How Gainsight CC Got Here
It started in Amsterdam as inSided, and for years it only ever built communities. It served both sides of the market: B2B SaaS, but also big consumer brands like T-Mobile and Sonos. It grew slowly across Europe first, then expanded internationally. It was never a general forum that bolted on support features later. It was built from the start for companies running real customer communities, and you can feel that focus all the way through the product.
Gainsight bought inSided in 2021, and the reason tells you what the platform is for. The argument, from Nick Mehta, who was Gainsight’s CEO at the time and has since handed over to Chuck Ganapathi, was that net revenue retention is the single biggest driver of a software company’s value, and that the best way to scale retention is to bring customers into the success process through a community. So inSided didn’t get treated as a side product. It slotted in next to Gainsight’s customer success and product tools as the community layer of the whole journey.
The bigger signal is the team. In 2025 Gainsight acquired Erica Kuhl Consulting and a moderation tooling company called ModerateKit, and put Erica Kuhl in charge of the combined community, learning, and in-app unit. Erica built Salesforce’s Trailblazer Community into one of the largest customer communities on the planet over seventeen years. And as Khoros has shrunk, a lot of the people who built the best Khoros communities have ended up at Gainsight. For a platform you commit to for years, that matters as much as any single feature.
What Gainsight Does Well
Four capabilities score an 8: AI, moderation, ideation, and content.
The AI suite is the broadest in this series. Not one clever feature, but the widest spread: Write with AI for drafting, community recaps and summaries, and four working agents underneath for moderation, search, translation, and support answers. The translation agent is the one I’d point to, because a community that answers and reads across languages without you running it twice is still rare. The breadth is clearly ahead of the market. The track record is not, because a lot of it is new.
Moderation sits joint top with Khoros and Discourse. An AI agent auto-classifies posts as they come in, so obvious spam and abuse gets caught before a human looks. Profile-level moderation removes the spam account, not just the spam post, which matters because spammers come straight back with the same profile. What it lacks is Discourse’s trust-level auto-promotion, so it doesn’t quietly reduce your moderation load as members earn trust, and there’s still no thread merge or split.
Ideation is the best of any community platform here, and the reason is specific. On the Product Feedback dashboard you can filter ideas by company and see the revenue behind a request, not just the vote count. For a B2B SaaS company, where ten votes from your three biggest accounts matter more than fifty from free users, that’s the difference. The catch: the account value needs your CRM connected (Salesforce in the instance I checked, though HubSpot and others are supported), and it still isn’t a dedicated product-feedback tool like Pendo or Productboard.

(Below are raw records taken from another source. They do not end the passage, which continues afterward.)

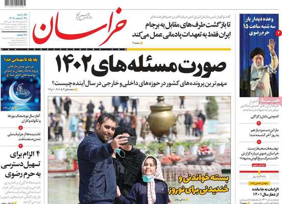 صفحه نخست روزنامههای صبح امروز یکشنبه ۲۸ اسفند ۱۴۰۱ را در ادامه مشاهده میکنید.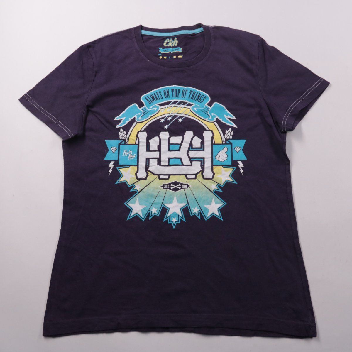 Мужская футболка CKH тёмно-синего цвета с крупным принтом на груди. Подойдёт для повседневной носки и летних образов с джинсами или шортами. Мягкий трикотаж и классический крой делают её удобной на каждый день.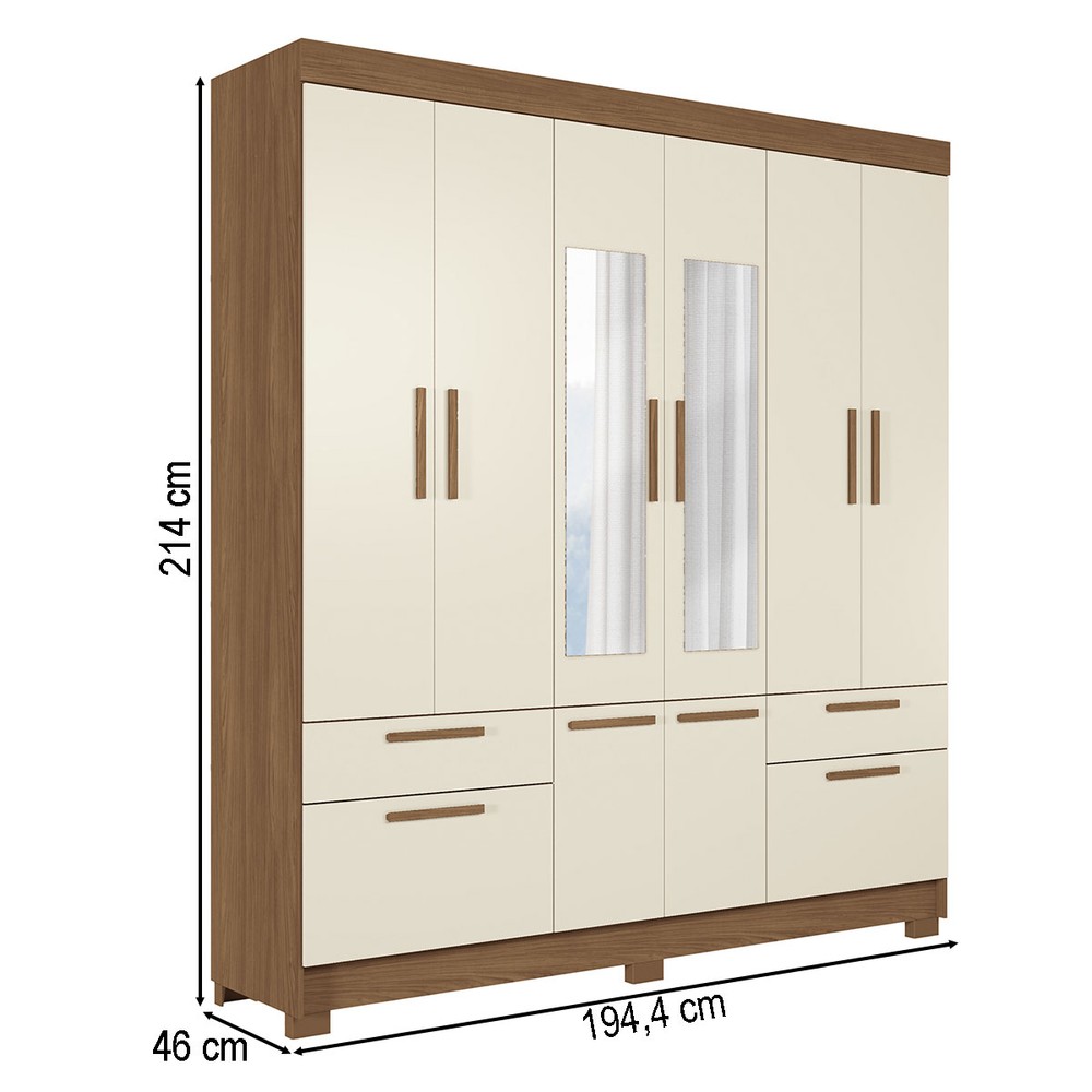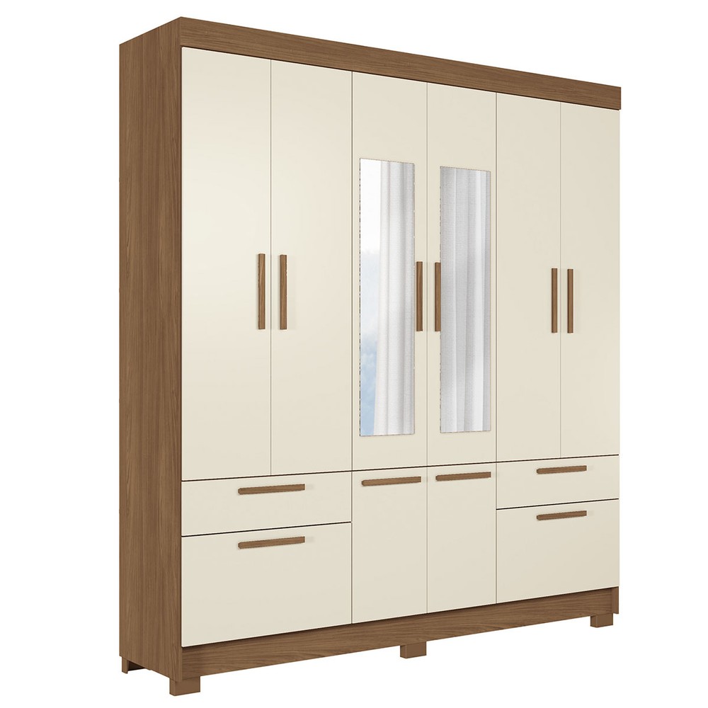 Guarda-Roupa Casal Marilena 6 Portas 9 Gavetas Jatoba/Areia com Espelho - Pnr Móveis

Content and knowledge is where it pulls just ahead of Vanilla. A proper knowledge base, smart search, content rating, and a product updates hub. The thing that moves it ahead is embedded education. Every platform in this series lost a point on content for the same reason: none of them did courses. Through the Skilljar integration Gainsight shipped this year, courses, certifications, and learning paths now sit inside the community, with one login and one search across courses, articles, and discussions. You can see it live on Cognite and Pipefy.

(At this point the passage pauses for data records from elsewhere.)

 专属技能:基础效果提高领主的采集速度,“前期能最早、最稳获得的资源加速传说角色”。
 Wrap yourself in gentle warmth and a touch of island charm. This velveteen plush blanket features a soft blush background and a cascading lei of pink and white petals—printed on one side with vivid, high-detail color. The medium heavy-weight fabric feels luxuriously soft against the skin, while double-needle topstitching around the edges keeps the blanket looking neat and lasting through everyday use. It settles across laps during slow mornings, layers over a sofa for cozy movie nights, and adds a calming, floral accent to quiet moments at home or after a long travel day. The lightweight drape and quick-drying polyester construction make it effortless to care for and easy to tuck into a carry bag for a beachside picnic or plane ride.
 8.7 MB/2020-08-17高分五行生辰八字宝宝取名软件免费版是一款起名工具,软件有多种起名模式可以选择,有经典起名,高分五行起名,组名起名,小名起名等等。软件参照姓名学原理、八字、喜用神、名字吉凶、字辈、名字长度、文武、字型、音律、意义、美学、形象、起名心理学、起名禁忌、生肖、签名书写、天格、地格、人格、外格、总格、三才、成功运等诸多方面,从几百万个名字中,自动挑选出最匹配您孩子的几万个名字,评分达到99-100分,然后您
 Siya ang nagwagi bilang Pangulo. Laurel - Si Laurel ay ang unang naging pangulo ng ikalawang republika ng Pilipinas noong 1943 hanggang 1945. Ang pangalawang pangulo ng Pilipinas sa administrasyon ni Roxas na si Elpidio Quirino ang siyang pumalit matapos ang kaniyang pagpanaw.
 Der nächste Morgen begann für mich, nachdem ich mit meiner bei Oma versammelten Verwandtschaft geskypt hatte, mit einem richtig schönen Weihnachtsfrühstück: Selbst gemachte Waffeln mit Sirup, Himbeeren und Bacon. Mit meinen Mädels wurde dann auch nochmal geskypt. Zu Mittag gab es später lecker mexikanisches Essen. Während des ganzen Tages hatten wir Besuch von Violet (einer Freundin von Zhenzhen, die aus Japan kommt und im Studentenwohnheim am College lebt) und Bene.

The Solid Middle And The Weak Spots
Three scores sit in the middle. Discussions and Q&A is a 7: five content types, a real Q&A format with best-answer marking, a good editor, but not the modern-forum polish Discourse has. Analytics is a 7: dedicated dashboards for content, users, Q&A, audience, and product feedback, most needing no integration, but no build-your-own dashboard the way Vanilla gives you. Gamification is a 6: the full points, badges, and ranks, and it works, it just isn’t a reason to choose the platform.

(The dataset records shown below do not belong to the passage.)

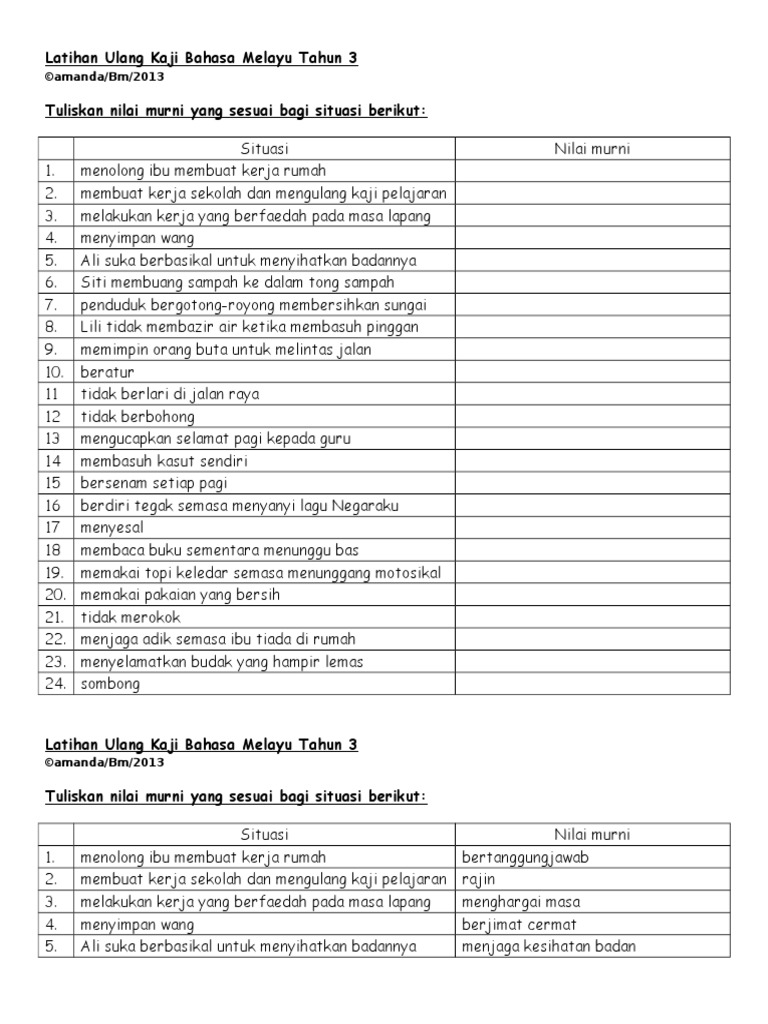 17 Nilai Murni Yang Utama from image.slidesharecdn.com Latihan nilai murni by pei fen tong 2744 views. Latihan nilai murni (bahagian c) dengan contoh jawapan (3). Bertugas di sk ayer lanas, jeli, kelantan. Nilai nilai murni 2 by siti norbaya 271 views. Start studying nilai murni 2. Nilai murnibahasa malaysia tahun 3. Kita seharusnya perihatin dengan keadaan dan masalah yang berlaku di sekeliling kita. Dari 414.202 siswa, ada 1.671 orang yang tidak lulus.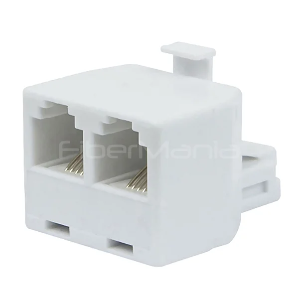 CAT.3 RJ11 6P4C adapter splits one line into two, suitable for telephones, modems, and fax machines.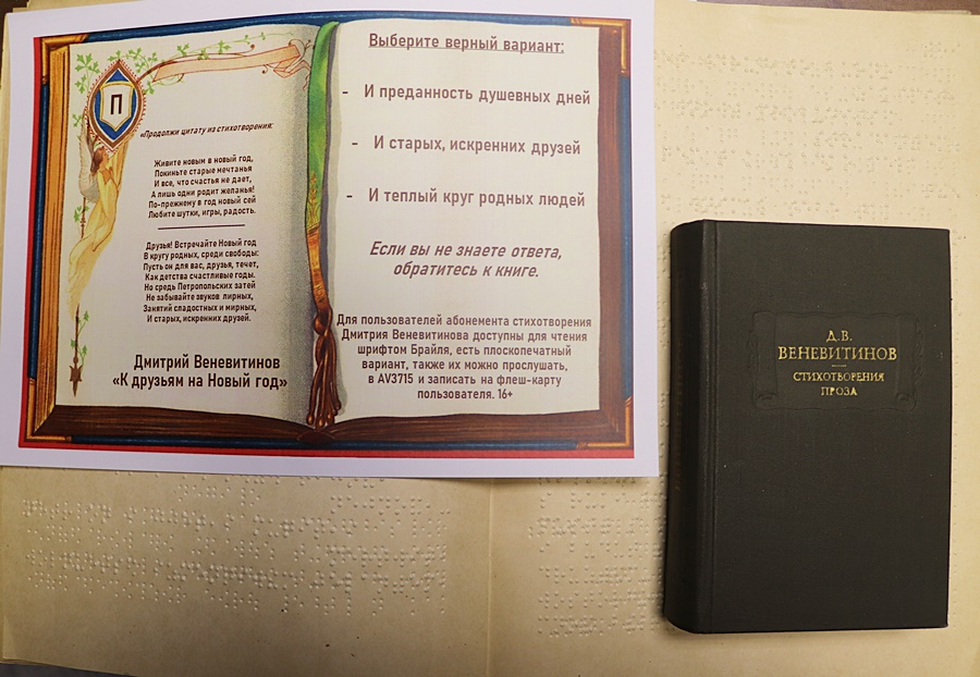 Для пользователей абонемента стихотворения Дмитрия Веневитинова доступны для чтения шрифтом Брайля, есть плоскопечатный вариант, также их можно прослушать, в AV3715 и записать на флеш-карту пользователя. 16+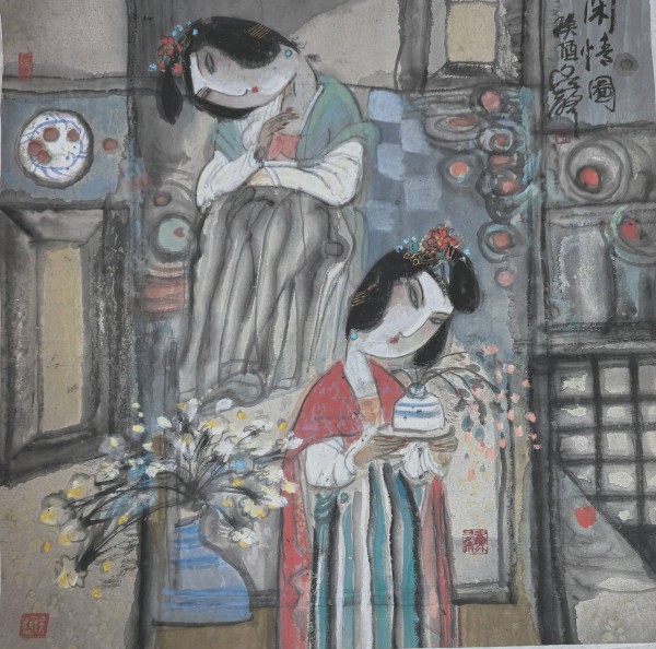 此次展览聚焦唐仕女题材,以刘禹锡、王维、韦应物等唐代诗人的经典诗句为创作蓝本,笔下丰腴灵动的女性形象,线条融合敦煌壁画的韵律与江南水墨的柔婉,既贴合唐代“以胖为美”的审美风尚,又暗藏鲜明的当代意趣。看似写古之作,却因笔墨节奏、色彩晕染里的现代表达,即便多为早年创作,如今看来依旧耳目一新,其藏于古典形制中的当代创意,更有不落窠臼的艺术巧思。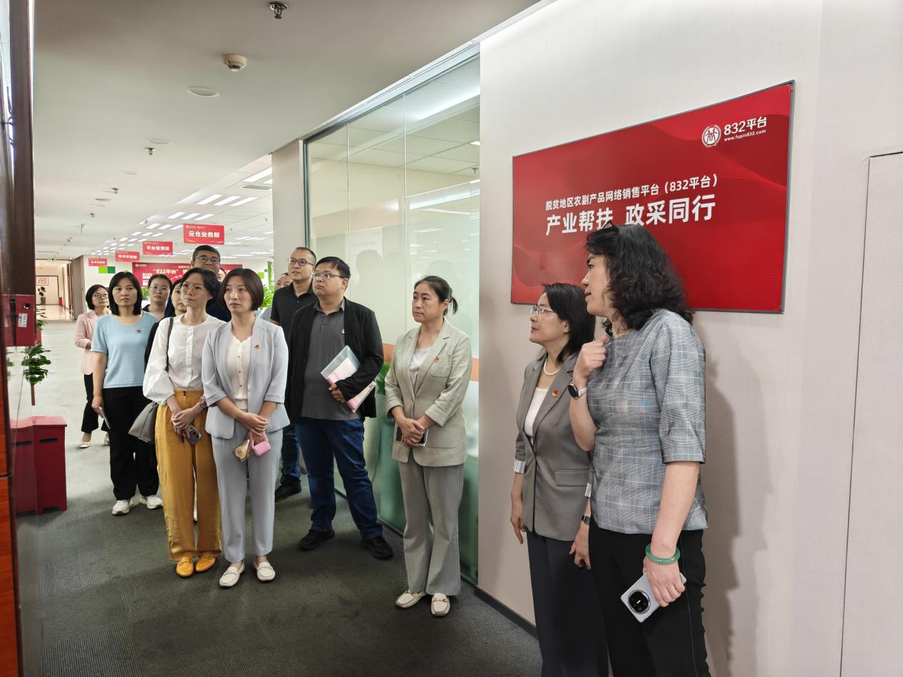 党员干部在电商公司(“832”平台),观看平台宣传片,了解公司基本情况及业务开展情况,参观品鉴脱贫地区农副产品包括茶叶产品,深入了解“832平台”发挥政府采购引领作用,创新消费帮扶新模式,巩固拓展脱贫攻坚成果等方面发挥的重要作用。

The two low scores are the same two Vanilla has. Mobile is a 3, because there’s no native app, only responsive web. Events is a 4: registration, RSVPs, and attendee management are there, but no streaming, ticketing, or speaker management. Almost nobody chooses a community platform for its events tooling or its mobile app, and for a support and product community neither is likely to decide it.
How Far You Can Shape It
This isn’t one of the nine scores, but it’s becoming one of the most important questions to ask any vendor: how far can you change the platform without hiring developers for six months?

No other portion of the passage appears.